Governance Recipes
Recipes for keeping agents accountable: gating their actions, scoping their access and reading back what they did. Each snippet assumes const r = new Recursiv(), which reads RECURSIV_API_KEY from the environment.
Gate a tool call for human approval
Run an agent in permission mode so every tool call waits for a human. Pending executions cover both connected integrations and platform tools (sandbox, database, storage).
Approve or reject a pending action
List what an agent is waiting on in a conversation, then approve to run it or reject to block it.
Scope an API key to least privilege
Create a key with only the scopes a workload needs. Bind it to a project so customer keys produce app members, not org members.
Scope a key to a single organization
Bind a team key to one organization so it cannot reach other workspaces.
Read the audit trail for a task
Every dispatcher task carries an activity log: claims, releases, completions and notes. Read it to see who did what and when.

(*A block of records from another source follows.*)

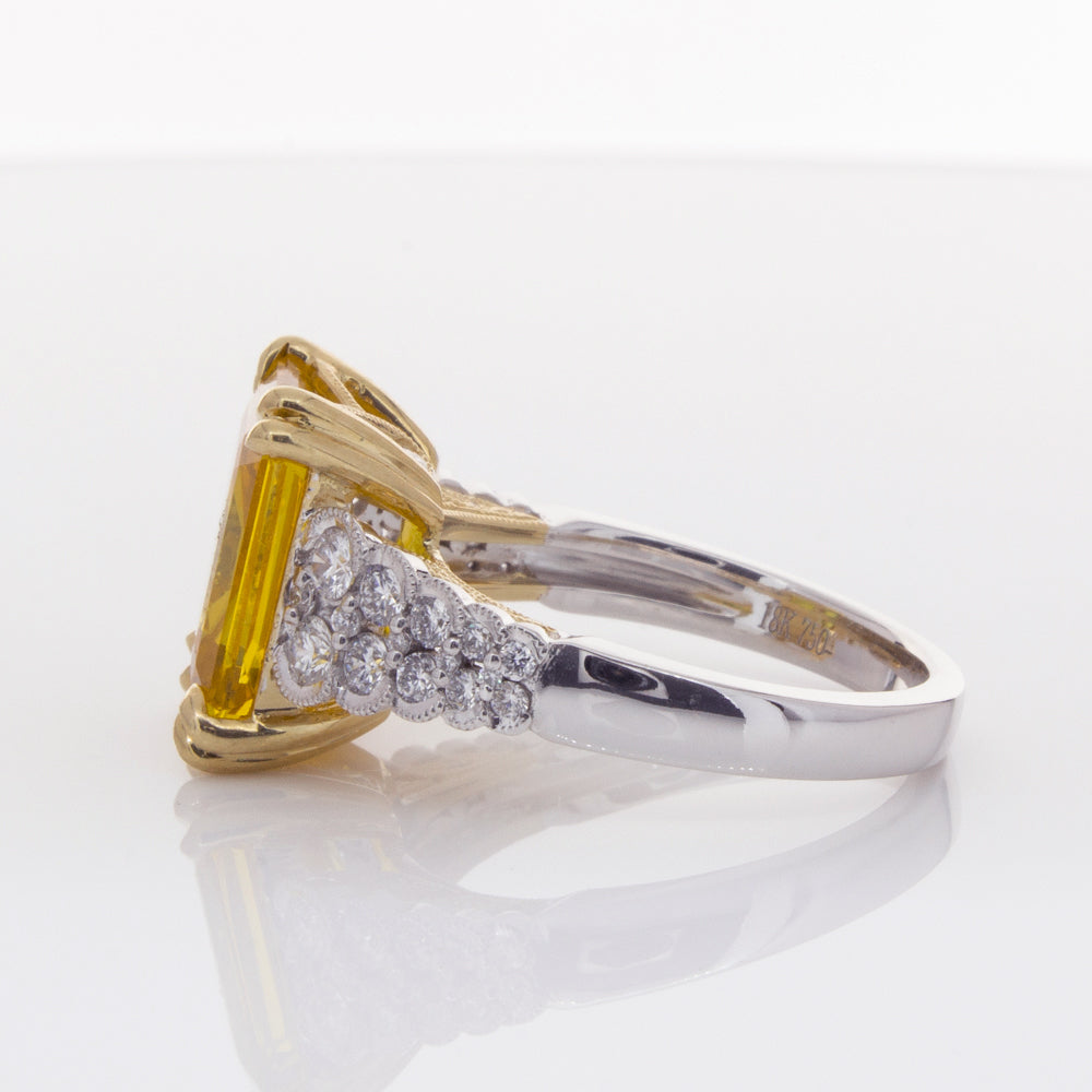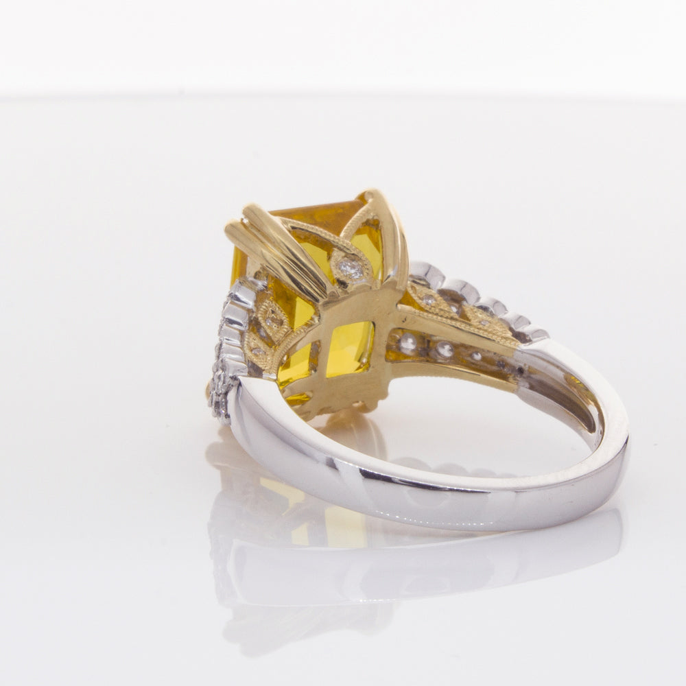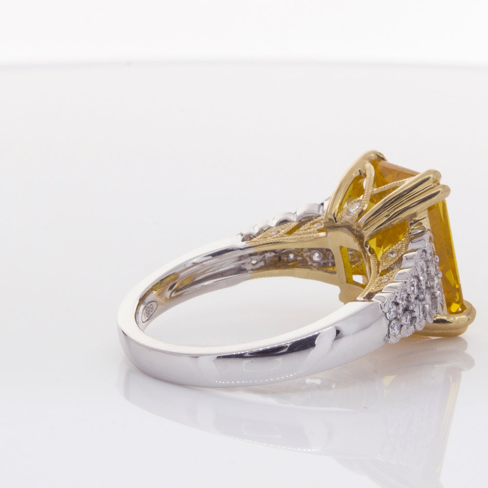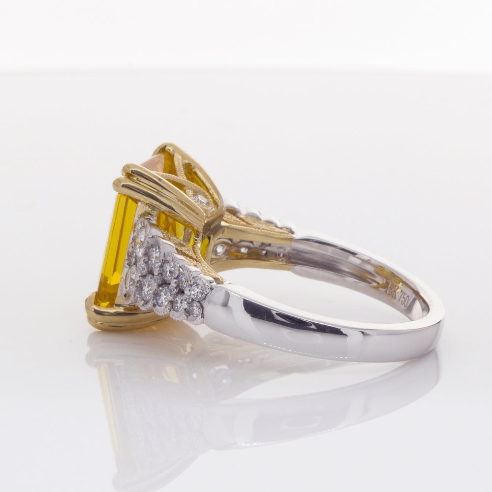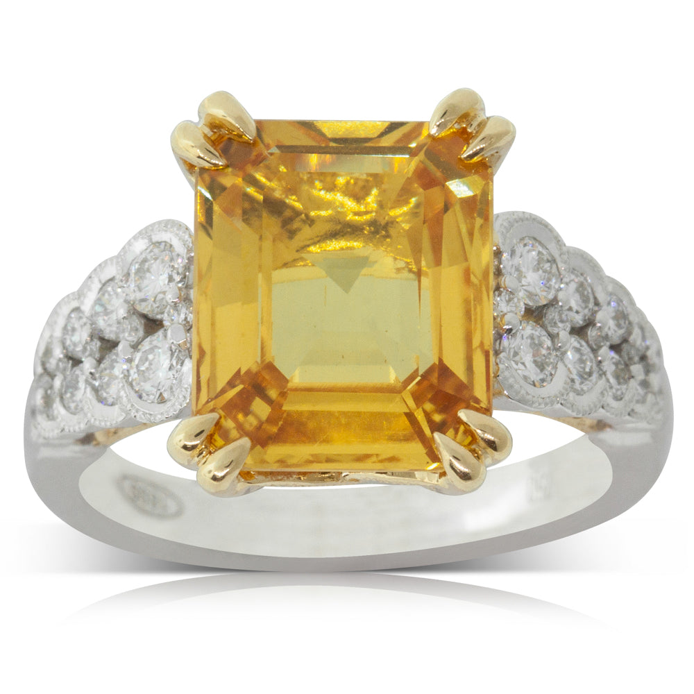 Carefully crafted in 18ct white gold, this gorgeous ring boasts one yellow sapphire set in an 18ct yellow gold double four claw setting, resting on diamond set shoulders featuring forty round brilliant cut diamonds.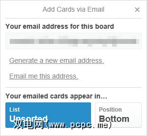 您将看到一个电子邮件地址。将任何电子邮件发送到该地址,并以卡标题作为电子邮件主题,并以卡描述作为电子邮件正文。在设置中,您可以指定创建这些卡时要使用的列表。
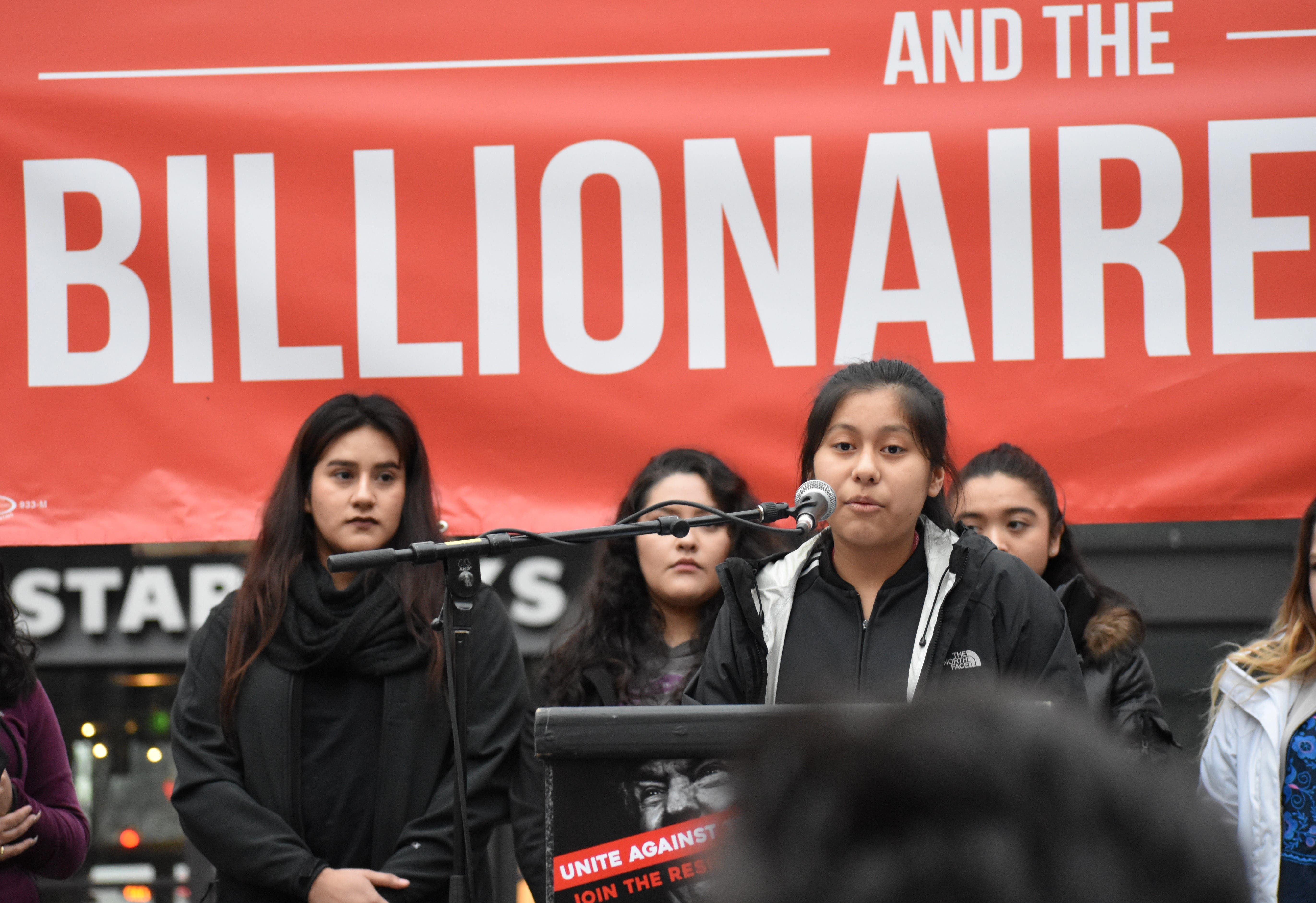 The rally ended with a series of speeches in the middle of Westlake Park. Alma Morales, a student at Foster High School in Tukwila, spoke about her experience with Immigration and Customs Enforcement (ICE). She said ICE agents raided her home and detained her mother. She doesn't want other children to have to experience that, she said.

Inspect what every agent is working on
Pull active claims and per-member activity for a project to see live agent work at a glance.
Read an agent’s inbox as an audit surface
Agent-to-agent delegations, results and status updates are all recorded in the inbox. Read it to reconstruct a chain of delegated work.
Track outcomes against a task
Record before/after measurements on a task so the result of agent work is verifiable, not just asserted.
Self-evaluation and recursion (mechanism)
The core pattern is that an agent reviews its own output and runs again until it meets a bar, rather than one-shotting. Today you implement the loop yourself: chat, judge the result (a second agent or a rubric prompt works well) and re-run if it falls short.
A first-class self-evaluation primitive (a scored, structured critique loop you do not have to hand-roll) is on the roadmap. Until it ships, the loop above is the supported approach. There is no r.verify resource.